• [WHAT THIS TASK INVOLVES]: Only the text belongs in the copy. Transcribe the data exactly and drop any pictures.

• [DATASET EXTRACT]:
------------------------------------------------
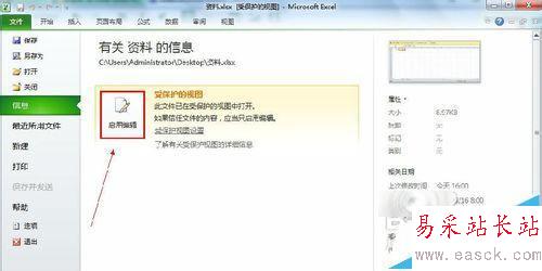 單擊【文件】按鈕,彈出的菜單選擇【信息】選項(xiàng)​,出現(xiàn)的面板單擊【啟用編輯】按鈕
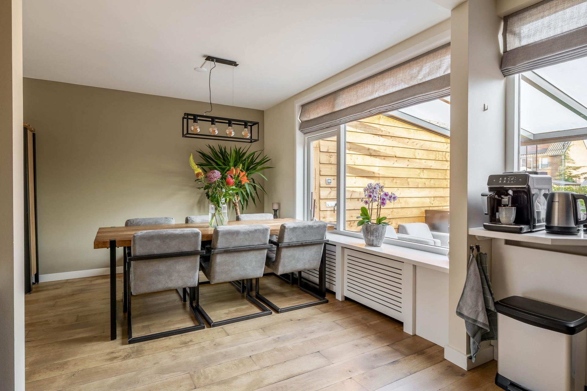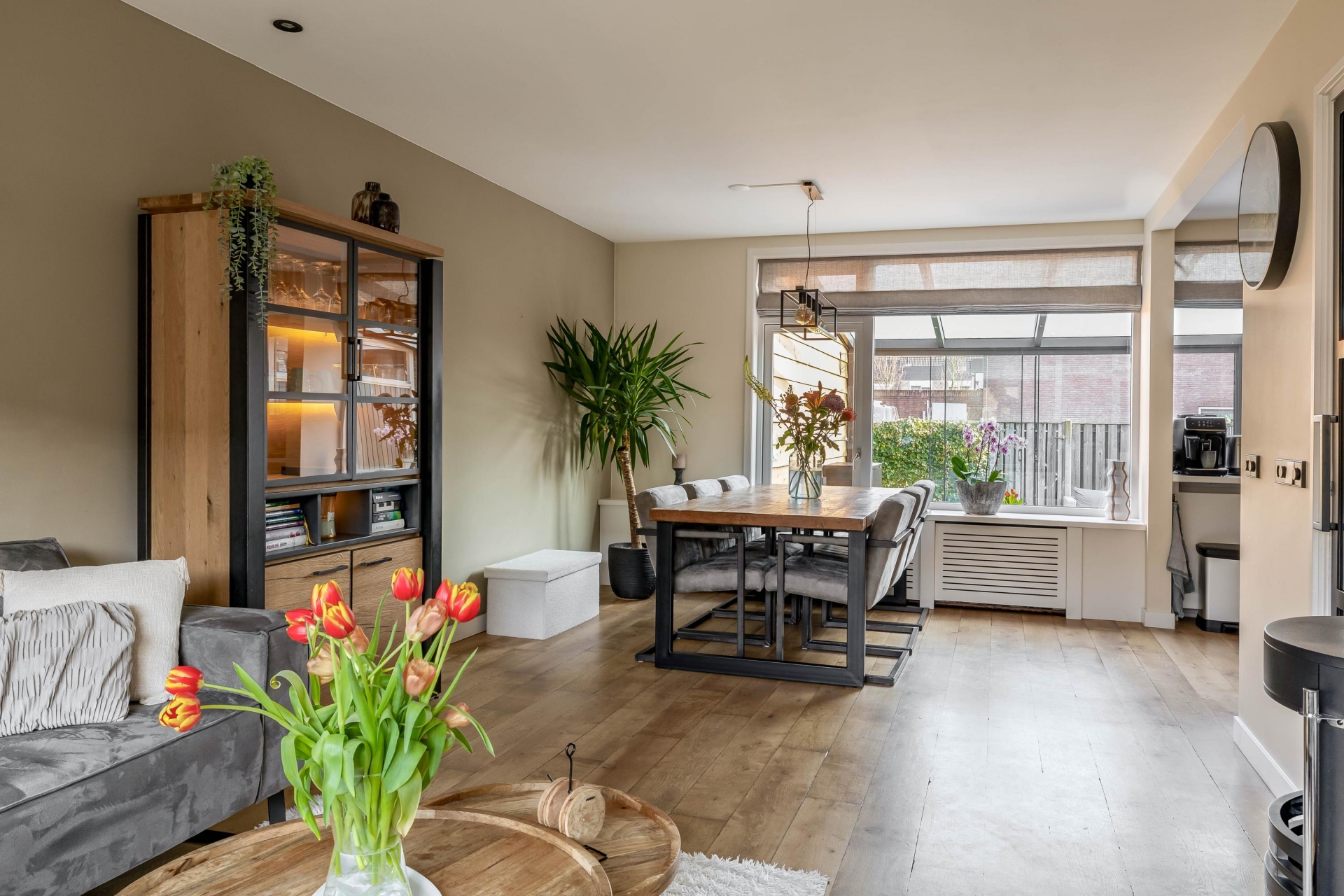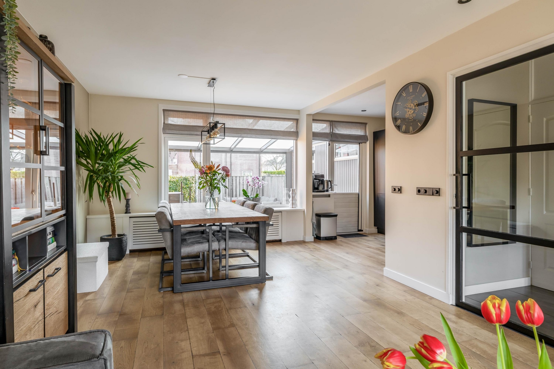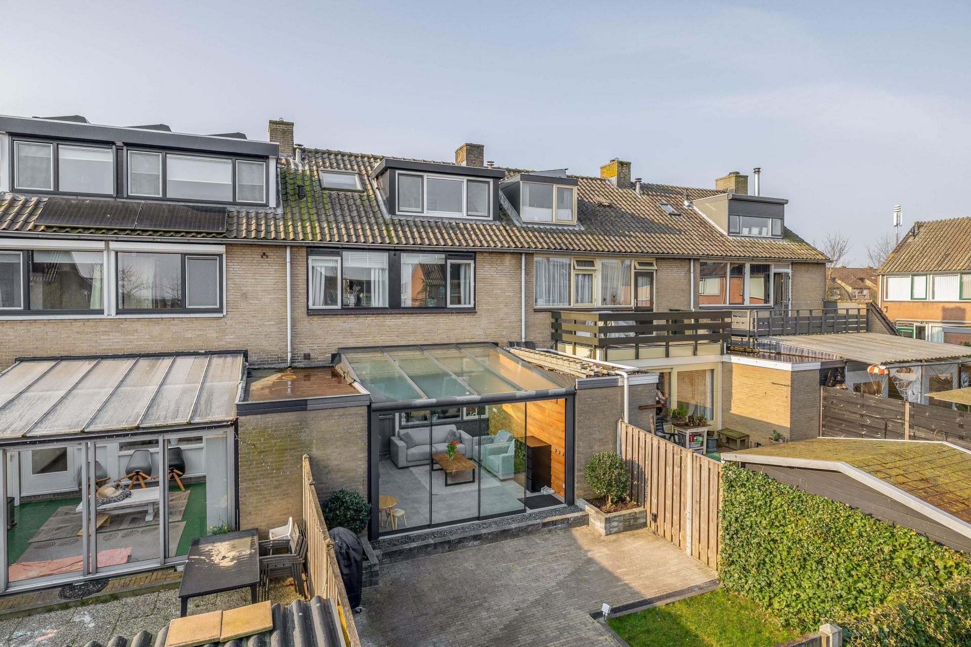 Een van de grootste pluspunten van dit huis is de serre aan de achterzijde. Deze is in 2022 geplaatst en volledig onderheid, waardoor het een solide en volwaardig onderdeel van het huis vormt. De serre voelt als een extra leefruimte waar je het hele jaar door kunt zitten. De grote glazen schuifpanelen zorgen voor veel lichtinval en een directe verbinding met de tuin. Op zonnige dagen zet je de panelen eenvoudig open en loopt binnen moeiteloos over in buiten. Hierdoor ontstaat een fijne plek voor een tweede zithoek, speelruimte voor kinderen of een rustige werkplek.
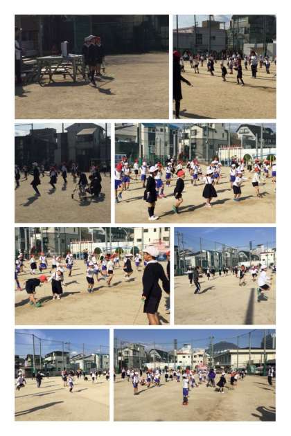 2時間目が終わると子どもたちは口々に「寒い、寒い」と言いながら、なわとびを持って運動場に出てきましました。
------------------------------------------------
• [TASK ANSWER]:
 單擊【文件】按鈕,彈出的菜單選擇【信息】選項(xiàng)​,出現(xiàn)的面板單擊【啟用編輯】按鈕
 Een van de grootste pluspunten van dit huis is de serre aan de achterzijde. Deze is in 2022 geplaatst en volledig onderheid, waardoor het een solide en volwaardig onderdeel van het huis vormt. De serre voelt als een extra leefruimte waar je het hele jaar door kunt zitten. De grote glazen schuifpanelen zorgen voor veel lichtinval en een directe verbinding met de tuin. Op zonnige dagen zet je de panelen eenvoudig open en loopt binnen moeiteloos over in buiten. Hierdoor ontstaat een fijne plek voor een tweede zithoek, speelruimte voor kinderen of een rustige werkplek.
 2時間目が終わると子どもたちは口々に「寒い、寒い」と言いながら、なわとびを持って運動場に出てきましました。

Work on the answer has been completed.